Identify Container Memory (MEM) consumption (what uses all the memory?)

I got a container (registry.access.redhat.com/ubi8/ubi-minimal) which runs a bash script (move files) in indefinitely loop
This test is with 900 files every minute and each file is ~ 1 KB (just a small XML)
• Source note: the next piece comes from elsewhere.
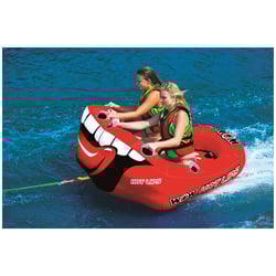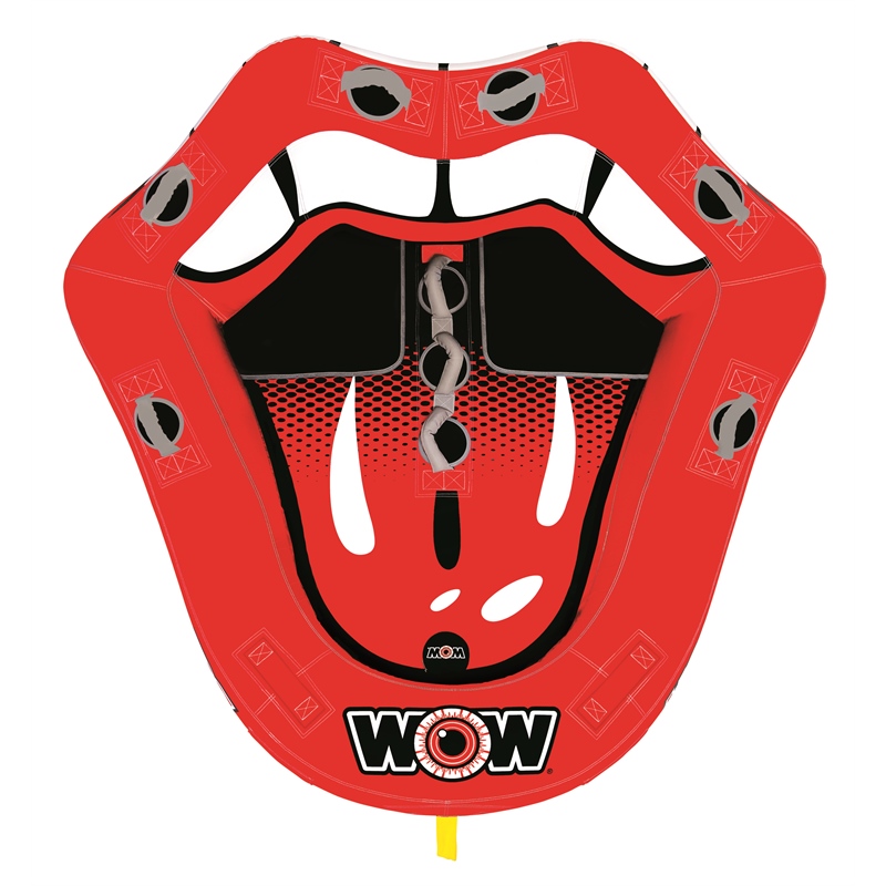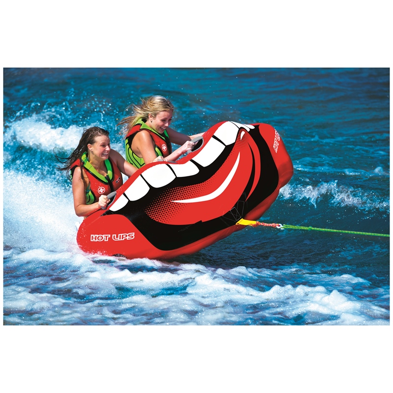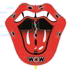 The WOW Sports Hot Lips inflatable towable tube brings playful personality and high performance to the lake. This eye-catching water tube features a unique oversized hot lips design that's guaranteed to turn heads, with custom big mouth graphics on the front cockpit and a smile tongue design on the rear.

here part of the yml file including the cmd executed by the pod
command: ["/bin/sh", "-c", "shopt -s nullglob && while true ; do for f in $vfsourcefolder/*.xml ; do randomNum=$(shuf -i $FolderStartNumber-$FolderEndNumber -n 1) ; mkdir -p $vfsourcefolder/$vfsubfolderprefix$randomNum ; mv $f $_ ; done ; done"]
livenessProbe:
exec:
command: ["/bin/sh", "-c", "test $checkFiles -gt $(ls -f $vfsourcefolder | wc -l)"]
initialDelaySeconds: 15
periodSeconds: 15
timeoutSeconds: 3
resources:
requests:
memory: 256Mi
cpu: 25m
limits:
memory: 4Gi
cpu: 2
after running for ~3days it consumes 3 GB of memory (according to kubectl top)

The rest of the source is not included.